In this study, Cox regression analysis revealed a statistically significant influence of smoking on the restorations’ survival (p <0.05). This is a finding that cannot be easily explained clinically or biologically. While smoking is known to affect periodontal health status and implants survival, its direct effect on indirect posterior restorations is less clear, which makes this a novel and potentially interesting finding. Despite the lack of documentation on the topic, there could be some indirect mechanisms affecting the results. One possible mechanism for this finding could be attributed to an increased risk of caries in smokers. In a systematic review, tobacco smoking was found to be associated with an increased risk of dental caries. However, the overall poor quality of studies produced no validation for such an association [28]. Moreover, behavioral factors in smokers could also affect restorations survival, for example smokers are less likely to seek regular dental care or maintain proper oral hygiene. Further, more extensive research on this topic and prospective studies are needed. The findings of the present study agree with a study where smoking, as a reason for indirect composites’ restorations failure, was close to significance and smokers had a risk of failure almost twice as high as non-smokers. On the other hand, in another study [16] no statistical difference was found between smokers and non-smokers for the survival of indirect ceramic restorations. Differences in the results of the latter two studies can be attributed to differences in the materials. In general, dental restorations can be compromised by smoking. Dental ceramic and composite resin restorations were compared in an in vitro study [29] revealing that composite resins were more susceptible to the effects of conventional and electronic cigarettes, suggesting that ceramic restorations might offer better color stability when patients are smokers. Nevertheless, in the present study, no restoration failed due to discoloration. Therefore, more clinical studies are needed for the evaluation of smoking as a risk factor for indirect restorations’ long-term survival.
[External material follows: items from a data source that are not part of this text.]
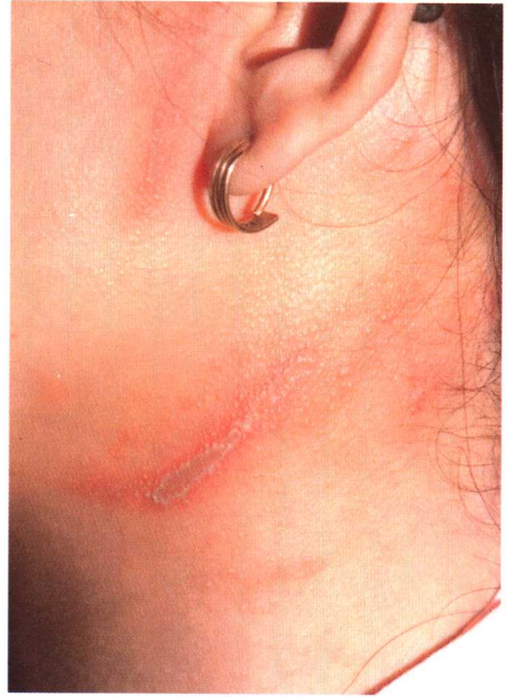
图 4-3 隐翅虫皮炎
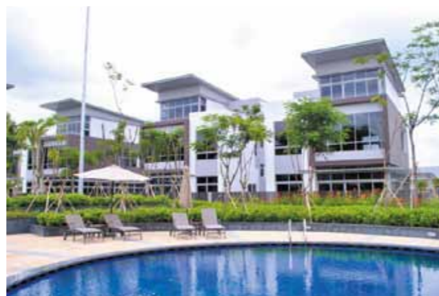
Khu biệt thự gần hồ bơi

Văn phòng kinh doanh dự án Riviera Cove Phòng 6, Lầu 7, Saigon Centre 65 Lê Lợi, Quận 1, Tp.HCM Tel: (848) 38 989 999 - Fax: (848) 39 144 553 Email: info@rivieracove.com.vn - www.rivieracove.com.vn
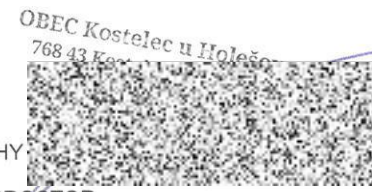
Výpočet odstupových vzdáleností od L.p (SO-01 Rodinný dům)
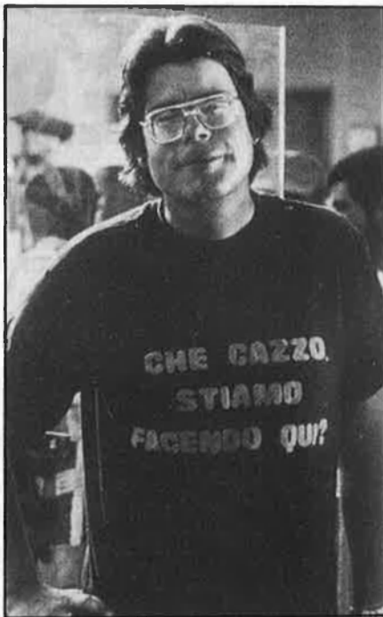
Stephen King ha convertit el terror en un gran èxit de vendes.

A continuació, ha seguit publicant sense defici, sota el seu nom o amb pseudònim (cinc llibres com a Richard Bachman), reiterant amb menys imaginació els pressupostos dels primers treballs. Cujo , Cycle of the were-wolf , Firestarter o Different seasons són Stephen King en baixa forma, convertit en un producte comercial al gust del
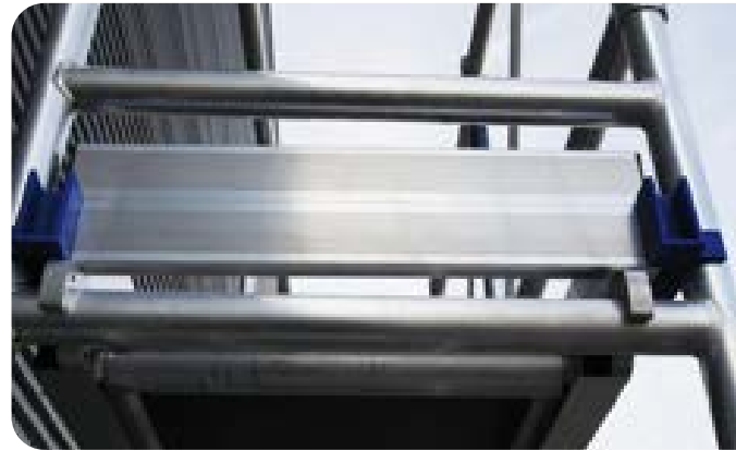
Figuur 6 | leuning en kantplanken
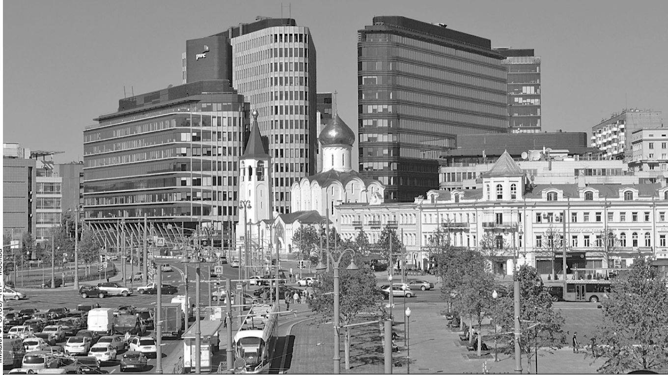
Престижный бизнес-центр в центре Москвы - одна из жемчужин в коллекции миллиардера.
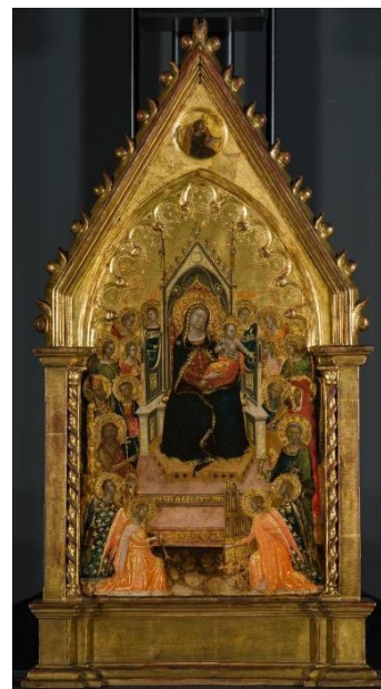
6. kép: Giusto de' Meabuo (1320/1330 körül–1391 előtt): Trónoló Mária gyermekével
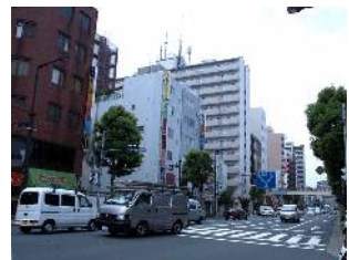
蔵前橋通り(西小岩一・四丁目)

新中川から柴又街道の間の、JR 総武本線以北の葛飾区と隣接する地域で、小岩駅の北口としての拠点と蔵前橋通りの軸をもち、その周辺は住宅地が広がるまちなみが形成されています。
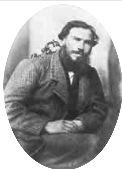
Л.Н. Толстой. 1862 г.

В Ясной Поляне я побывала незадолго до юбилея Льва Толстого. Ничто предстоящих торжеств здесь не предвещало. Никакой предпраздничной суеты. Стайки детей шли на экскурсию, рабочие ремонтировали мостик. Покрытые гравием дорожки, барский белый дом, за ним пасаека... И все та же, растворенная, кажется, в самом яснополянском воздухе, аура покоя.
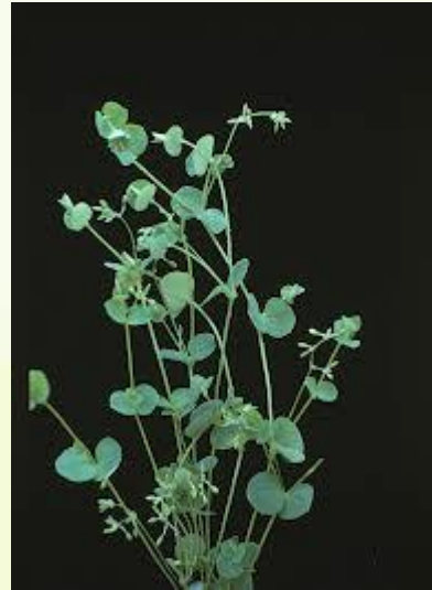
Drymaria cordata (L.) Willd. ex Schult (Mastruço-do-brejo) Para alívio da tosse, da sinusite e resfriado)
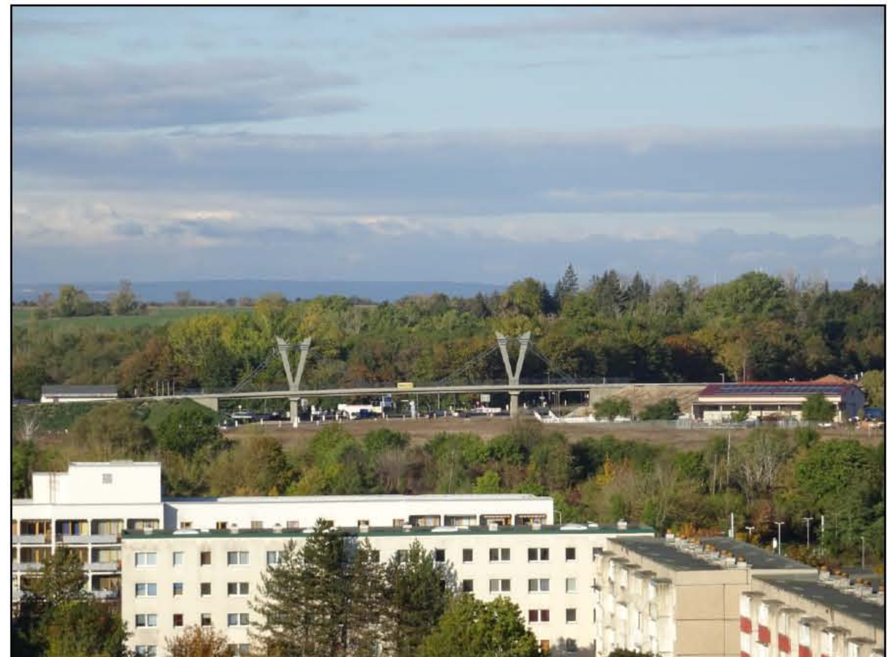
Die Brückenbaustelle Kreuzung B80 im November 2020 - von einem Neustädter Hochhaus aus gesehen
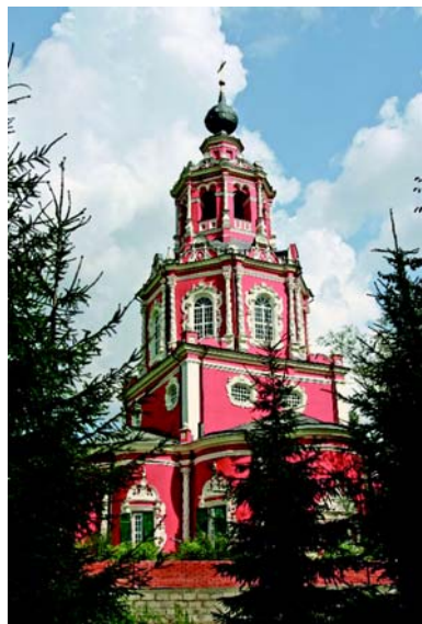
Церковь Спаса Нерукотворного в селе Уборы.

При Алексее Михайловиче здесь началось широкое строительство. В 1650–1656 годах возводится новый монастырский ансамбль, окруженный кирпичными на белокаменном фундаменте стенами с семью башнями. Внутри стен были построены Царский дворец и Царицыны палаты — для первой жены царя Марии Ильиничны Милославской, Троицкая церковь — домовый храм царицы, трапезная палата, братские корпуса, звонница. Мастер Алек-
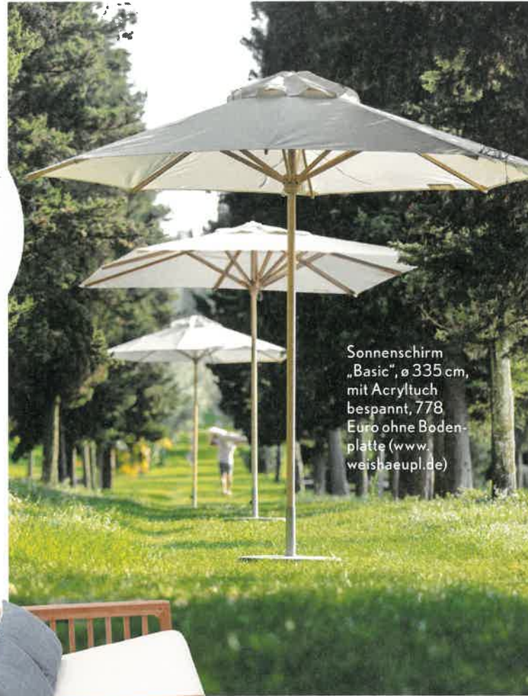
Sonnenschirm „Basic“, ø 335 cm, mit Acryltuch bespannt, 778 Euro ohne Boden- platte ( www. weishaeupl.de )

Analysing the current data some limitations must be considered. Most importantly the data are based on a retrospective study. The clinical quality of the restorations as found up to 11 years can, thus, not be compared with the baseline situation allowing conclusions on changes during the observation period. Another limitation of the present study is the participants recall rate (67.1%). This is a weakness inherent with all clinical studies. Moreover, it can be a possible source of bias because those participants who responded to the study recruitment might be the ones that were generally more motivated to take care of their oral health. Furthermore, all patients were not treated with the same restorative materials, bonding protocols or resin cements. It is not possible therefore to make comparisons and draw conclusions on the effect of the materials used. On the other hand, the current study also shows several benefits. All restorations were examined by two independent and calibrated dentists. Therefore, a strong bias in the evaluation of the study restorations can be excluded. Moreover, the patient sample is more representative than a chosen subgroup of the population because no exclusion criteria were applied to the recruited participants. Another advantage is that the restorations have been placed by post-graduate students with various levels of experience. The current research demonstrates that partial coverage indirect restorations placed during a post-graduate clinical training program have good clinical performance and lifespan, comparable with the findings of research conducted by experienced operators.

5. Conclusions

Within the limitations of this retrospective study, it was concluded that ceramic and composite materials for indirect restorations show comparable survival rates in the short term. In the long term, ceramic partial coverage restorations tend to show more favorable clinical behavior although not statistically better. Among the evaluated risk factors, smoking influenced significantly the survival of the restorations.